> _Goal of the exercise_
Under this line is a listing; return exactly the lines starting at the one with "Cet ensemble impressionnant" and running down to the one with "Lotto composto da", and leave out its pictures.
START Data records
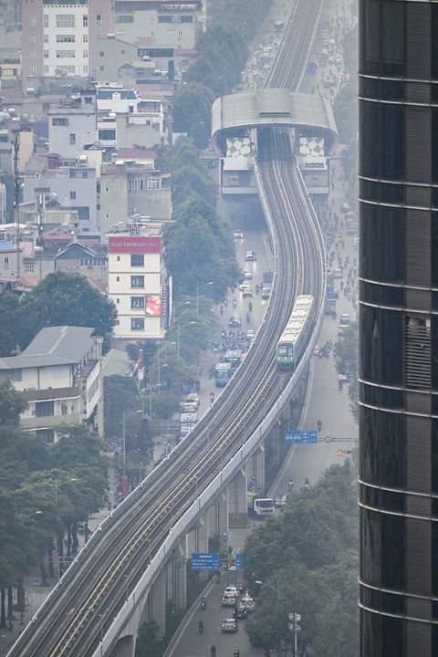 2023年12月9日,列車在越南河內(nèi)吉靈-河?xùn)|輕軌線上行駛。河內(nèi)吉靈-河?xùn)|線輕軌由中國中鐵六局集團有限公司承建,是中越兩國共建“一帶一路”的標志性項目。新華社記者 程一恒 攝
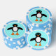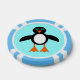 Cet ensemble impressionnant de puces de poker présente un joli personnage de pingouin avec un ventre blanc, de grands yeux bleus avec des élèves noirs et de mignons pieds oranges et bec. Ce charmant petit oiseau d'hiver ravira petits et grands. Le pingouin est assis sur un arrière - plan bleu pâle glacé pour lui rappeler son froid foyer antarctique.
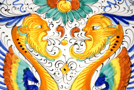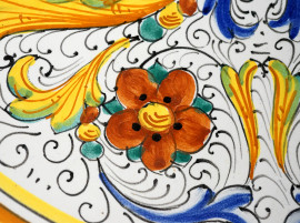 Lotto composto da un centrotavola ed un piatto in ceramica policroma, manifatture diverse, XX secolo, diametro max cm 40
END Data records
START Data records
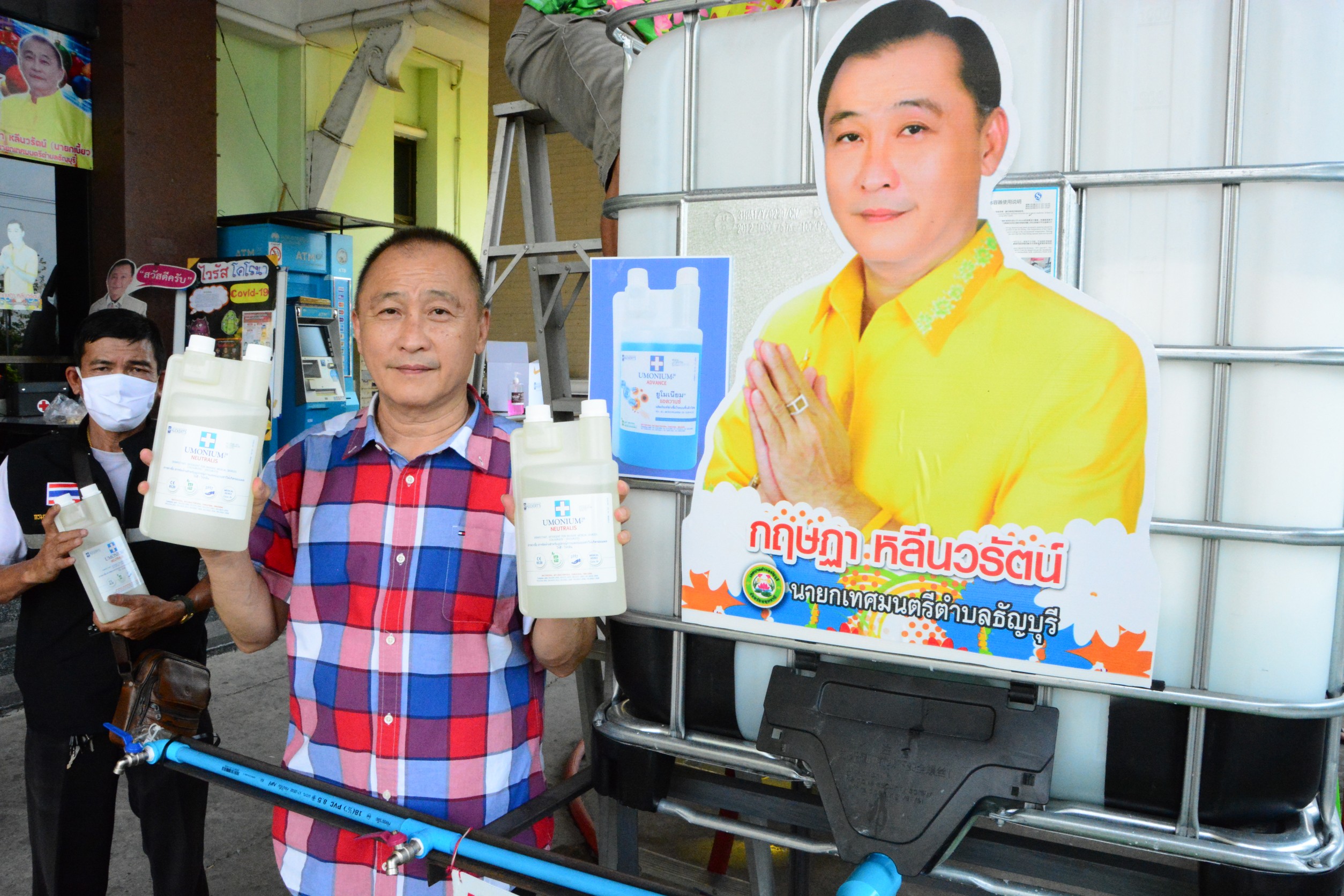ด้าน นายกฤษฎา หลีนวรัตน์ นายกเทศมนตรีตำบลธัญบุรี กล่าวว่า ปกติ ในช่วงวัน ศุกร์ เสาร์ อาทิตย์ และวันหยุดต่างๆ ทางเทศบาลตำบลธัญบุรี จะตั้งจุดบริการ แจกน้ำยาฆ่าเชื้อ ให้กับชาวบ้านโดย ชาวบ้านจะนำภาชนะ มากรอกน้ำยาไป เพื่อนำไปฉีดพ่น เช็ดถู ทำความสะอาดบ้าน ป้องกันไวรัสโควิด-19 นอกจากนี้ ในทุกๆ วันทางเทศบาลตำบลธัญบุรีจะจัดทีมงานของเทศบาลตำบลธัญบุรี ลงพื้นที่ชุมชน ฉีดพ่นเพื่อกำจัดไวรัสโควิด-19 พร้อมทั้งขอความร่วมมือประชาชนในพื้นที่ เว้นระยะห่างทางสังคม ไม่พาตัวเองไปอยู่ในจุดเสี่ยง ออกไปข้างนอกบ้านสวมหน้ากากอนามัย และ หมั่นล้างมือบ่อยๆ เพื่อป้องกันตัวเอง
END Data records
> _Worked solution_
 Cet ensemble impressionnant de puces de poker présente un joli personnage de pingouin avec un ventre blanc, de grands yeux bleus avec des élèves noirs et de mignons pieds oranges et bec. Ce charmant petit oiseau d'hiver ravira petits et grands. Le pingouin est assis sur un arrière - plan bleu pâle glacé pour lui rappeler son froid foyer antarctique.
 Lotto composto da un centrotavola ed un piatto in ceramica policroma, manifatture diverse, XX secolo, diametro max cm 40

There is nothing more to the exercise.